And, quite frankly, I'm not sure if users will be happy with the $subject
patch, because it _really_ breaks things (well, the kexec users who don't use
suspend might be, but surely suspend users who don't use kexec won't).

Thanks,
Rafael
--
To unsubscribe from this list: send the line "unsubscribe netdev" in
the body of a message to majordomo@vger.kernel.org
More majordomo info at  http://vger.kernel.org/majordomo-info.html
Ingo Molnar March 8, 2009, 11:08 a.m. UTC | #5
* Rafael J. Wysocki <rjw@sisk.pl> wrote:

> On Sunday 08 March 2009, Rafael J. Wysocki wrote:
> > On Sunday 08 March 2009, Ingo Molnar wrote:
> > > 
> > > * Rafael J. Wysocki <rjw@sisk.pl> wrote:
> > > 
> > > > On Sunday 08 March 2009, Yinghai Lu wrote:
> > > > > 
> > > > > Impact: second kernel by kexec will have some pci devices working
> > > > > 
> > > > > Found one system with 82575EB, in the kernel that is kexeced, probe igb
> > > > > failed with -2.
> > > > > 
> > > > > it looks like the same behavior happened on forcedeth.
> > > > > try to check system_state to make sure if put it on D3
> > > > 
> > > > This is not enough, because the PM code doesn't change 
> > > > system_state and it uses pci_set_power_state too.
> > > > 
> > > > > Jesse Brandeburg said that we should do that check in core 
> > > > > code instead of every device driver.
> > > > 
> > > > Well, I'm not really sure.  The drivers are where the bug is.
> > > 
> > > So Yinghai has now written a driver fix and a generic code fix 
> > > as well and both are being rejected pointing to the other side? 
> > > 
> > > This really sucks for users (who'd be happy with any of the 
> > > patches) and the disagreement needs to be resolved ASAP.
> > 
> > I hope you read my other comment (that you deleted from the reply)?
> > 
> > If we're going to fix this at the core level along the Yinghai's patch lines,
> > we'll have to introduce a few additional values for system_state and make
> > suspend and hibernation code use them.
> > 
> > Do you think it's worth the effort, given that only a couple of drivers have
> > been found to be affected so far?
> 
> And, quite frankly, I'm not sure if users will be happy with 
> the $subject patch, because it _really_ breaks things (well, 
> the kexec users who don't use suspend might be, but surely 
> suspend users who don't use kexec won't).

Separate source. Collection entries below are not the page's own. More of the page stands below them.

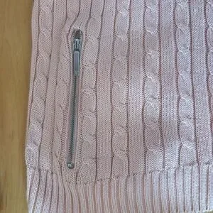 Classic and polished Lauren Ralph Lauren full-zip cable knit sweater in a soft light pink shade, size Medium. Features a signature embroidered crest logo, stand collar, zip-front closure, and zippered hip pockets for a tailored, elevated look. The cable knit texture adds timeless preppy style, perfect for casual wear, travel, or layering.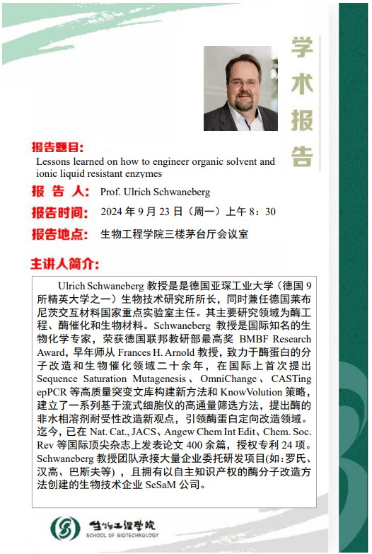 9月23日学术报告:Lessons learned on how to engineer organic solvent and ionic liquid resistant enzymes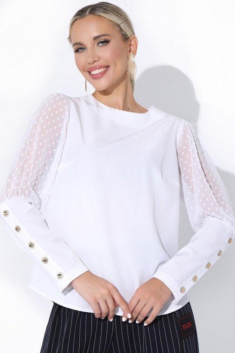 Эффектная блузка “Марина” из нашей новой коллекции. Прямой силуэт, высокий манжет на пуговицах, рукав – креп шифон, по спинке застежка.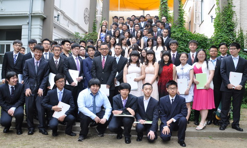„Zugegeben – einige Leute in China essen in der Tat äußerst fragwürdige Dinge wie Insekten oder Schlangen. Aber stellt euch nur mal vor – wären Adam und Eva Chinesen gewesen, würden wir immer noch im Garten Eden leben, weil sie anstatt des Apfels die Schlange gegessen hätten.“ Dieses sagte der chinesische Absolvent QUIAN Chengchen. Quian ist Sprecher des Studiengangs Environmental Engineering und bezog sich in seiner Abschlussrede auf die kulinarischen Unterschiede zwischen Deutschen und Chinesen. Über seine Erfahrungen aus der Zeit in Deutschland sagte er weiter: „Wir dachten, das Leben würde einfacher, wenn wir nach Deutschland kommen. Allerdings erteilte uns die Realität eine Lektion für das Leben, indem sie uns deutlich machte, dass wir immer noch sehr jung, noch einfach gestrickt und manchmal naiv sind. Allein deshalb hat es heute jeder verdient, sich und die anderen ausgiebig zu feiern.“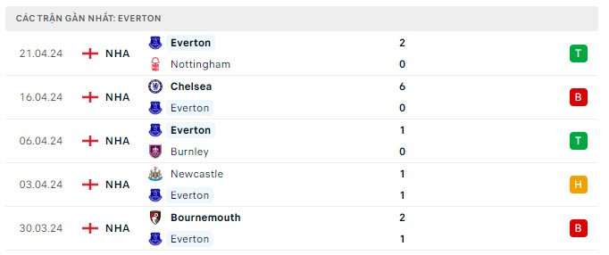 Everton thắng 2 trong 3 trận gần nhất ở Premier League.

Please note that i havent reviewed the patches and i did not 
take any sides in the discussion - i just flagged the maintainer 
ping-pong. As long as we pick one of the patches (or a third 
one) within a bound amount of time we should be fine :)

	Ingo
--
To unsubscribe from this list: send the line "unsubscribe netdev" in
the body of a message to majordomo@vger.kernel.org
More majordomo info at  http://vger.kernel.org/majordomo-info.html
Jesse Barnes March 20, 2009, 1:49 a.m. UTC | #6
> > And, quite frankly, I'm not sure if users will be happy with 
> > the $subject patch, because it _really_ breaks things (well, 
> > the kexec users who don't use suspend might be, but surely 
> > suspend users who don't use kexec won't).
> 
> Please note that i havent reviewed the patches and i did not 
> take any sides in the discussion - i just flagged the maintainer 
> ping-pong. As long as we pick one of the patches (or a third 
> one) within a bound amount of time we should be fine :)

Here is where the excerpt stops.